Over the years of writing Health Tips, I was surprised to discover that one I’d written a few years ago about vitamin B12 deficiency had received the most comments and questions from readers. Since there have been some interesting developments in both the diagnosis and treatment of B12 deficiency, and since B12 deficiency remains so common, this seems like a good opportunity for some updates.
The symptoms of low levels of vitamin B12 can been pretty vague. You’re just not feeling right and you’re tired, maybe a little depressed, a bit achy. Your digestion might somehow feel off and you’re not thinking clearly. Balancing a checkbook becomes an exercise in higher math.
Your doctor’s empathetic, not at all dismissive of your symptoms, but after a physical exam and some apparently appropriate tests with normal results she can’t find anything really wrong. On the surface, this is reassuring. After all, the main reason we go to doctors is to ascertain that nothing serious is going on.

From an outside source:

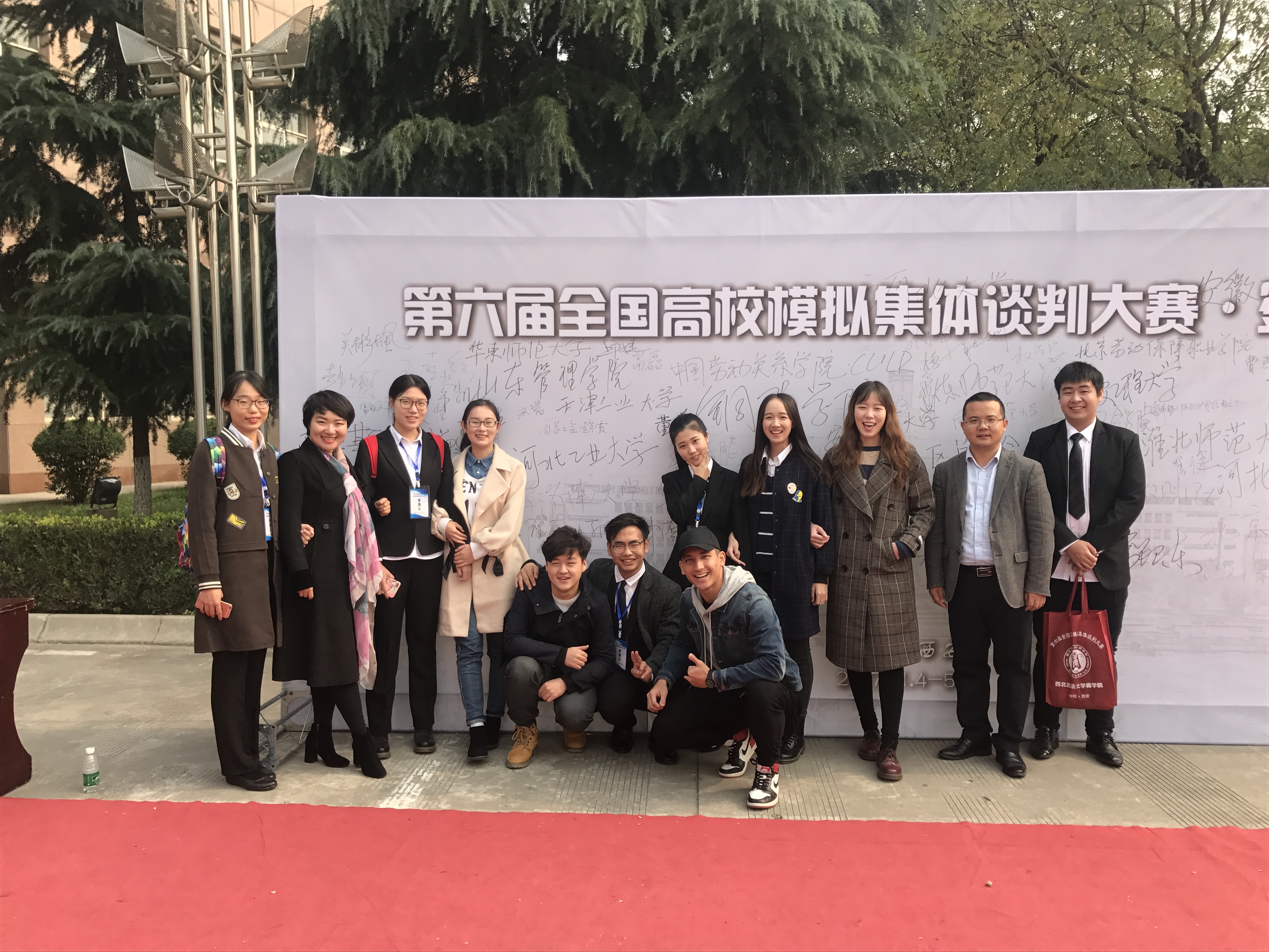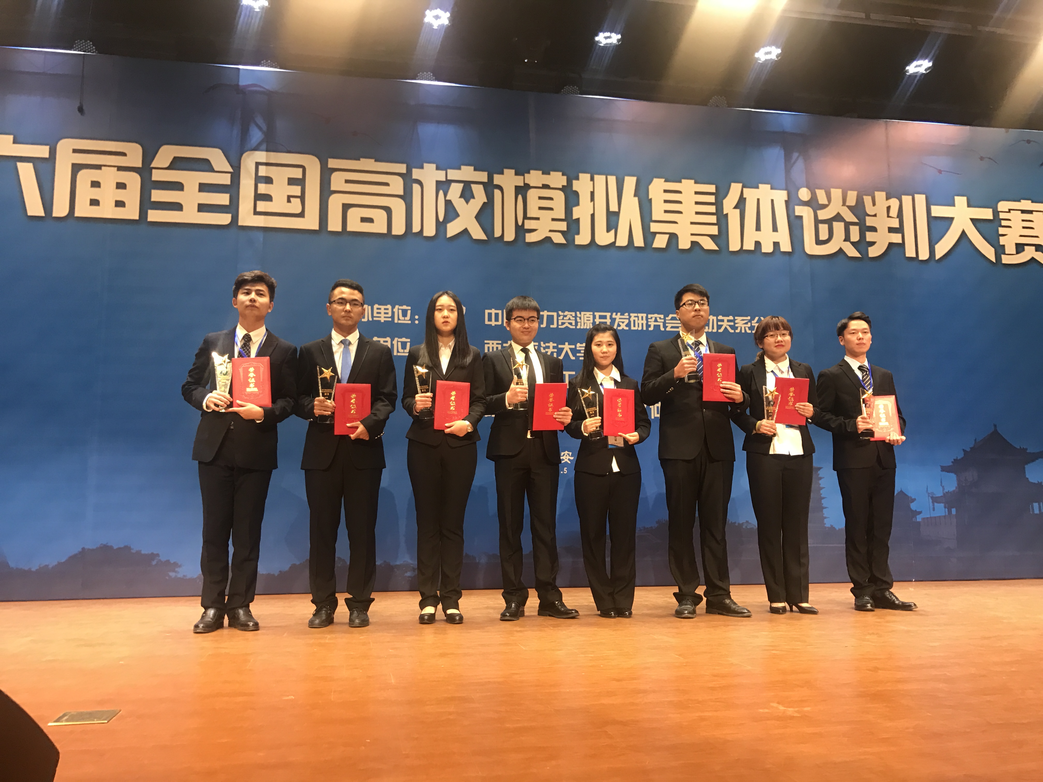 暮秋已至,寒意渐浓。2017年11月4至6日,第六届全国高校模拟集体谈判大赛在西北政法大学举行,大赛由中国人力资源开发研究会劳动关系分会主办,目前已在北京、山东、浙江、天津等地连续举办六届。本次大赛共有 33 所高校参与,共计有 66 支代表队伍,参赛师生人数达 400 多人。我校h视频 经过两个多月的精心准备,通过层层筛选,选拔出法学专业,劳动与社会保障专业共10名学生组成劳方队和资方队两支代表队,参加此次比赛。经过初赛激烈的筛选,我校劳方队一路披荆斩棘,站在了决赛的赛场上。在决赛中,双方谈判就一线员工工资涨幅、企业员工的福利以及增设工龄工资等运用了多种谈判技巧,以退为进,以守为攻,先发制人,为在场的评委和同学上演了一场精彩的视听盛宴。最终,劳方与资方都达成了共识,并签订了集体劳动合同。评委老师对本场参赛的同学们进行了精彩的点评。
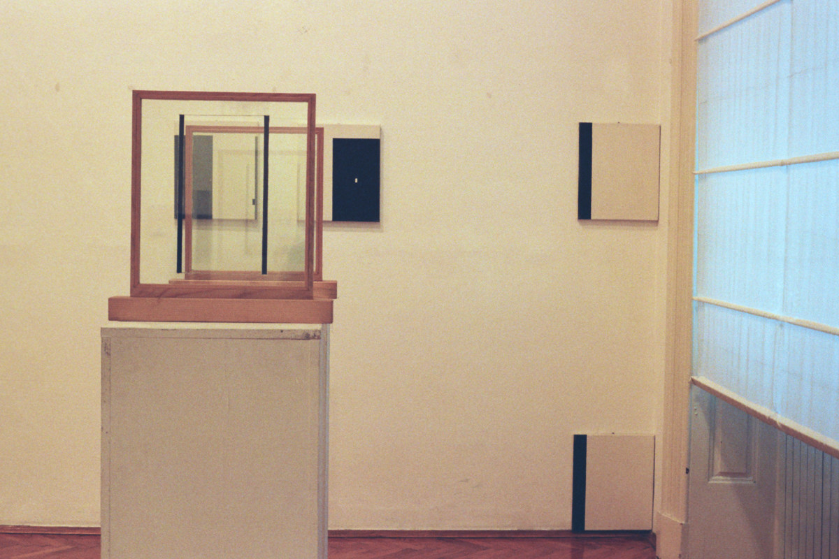 Instalacija na izložbi u Galeriji Miroslav Kraljević, Zagreb 1996. Dva stakla za "1–20"

Still, could she be overlooking something?
All about B12
One of the eight B vitamins, B12 is involved in the metabolism of every cell in your body. Years ago B12 was called “maturation factor” because cells need B12 to mature from being young and ineffectual whippersnappers to fully functioning, mature cells. Imagine a child, about seven years old, who’s stuck at that age and can’t grow into adolescence and later adulthood. Now imagine a magical substance that will allow her to grow and mature. That’s vitamin B12.
In fact, B12 is so potent a factor in cell maturation that some of the original studies on it showed that cells in the bone marrow (where blood is manufactured) when deliberately deprived of B12 could mature in just a few hours when B12 was added. This phenomenon explained how B12-deficient patients reported feeling magically rejuvenated within a day or two of their first B12 injection.
Years ago, I read that the late Bruno Bartoletti, conductor of the Lyric Opera orchestra, would not go onstage unless he’d had a B12 injection earlier that day. At the time, I thought it was a placebo effect. Now I think differently.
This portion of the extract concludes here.